After the restoration of Ferdinand VII he fell into disfavour. On 25/26 September he attempted to bring about an uprising at Pamplona in favor of the Liberal party, but failed, and went into exile. His political opinions were democratic and radical, and as a yeoman he disliked the hidalgos (low-ranking nobles). The Revolution of 1820 brought him back, and he served the Liberal party during the Trienio Liberal in Galicia, Leon and Catalonia. In this last district he made the only vigorous resistance to the French intervention in favor of Ferdinand VII. On 1 November 1823 he capitulated, and the French allowed him to escape to England by sea. In 1830 he took part in an unsuccessful rising against Ferdinand.

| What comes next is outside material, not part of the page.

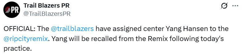 On November 5th Beijing time, the Trail Blazers officially announced that they had sent Yang Hansheng to the G League team Rip City Remix. Following today’s practice, Yang will be recalled from the Remix. This means his second assignment was a same-day trip, while his first assignment involved two days of training with the Remix.

On the death of the king he was recalled to Spain, and the government of the regent Christina gave him the command against the Carlists in 1835, though they feared his Radicalism. By this time, years, exposure and wounds had undermined his health. He was also opposed to Tomás de Zumalacárregui, an old officer of his in the War of Independence, and an even greater master of irregular mountain warfare. His health compelled him to resign in April 1835, and his later command in Catalonia was only memorable for the part he took in forcing the regent to grant a constitution in August 1836. He died at Barcelona on 24 December 1836.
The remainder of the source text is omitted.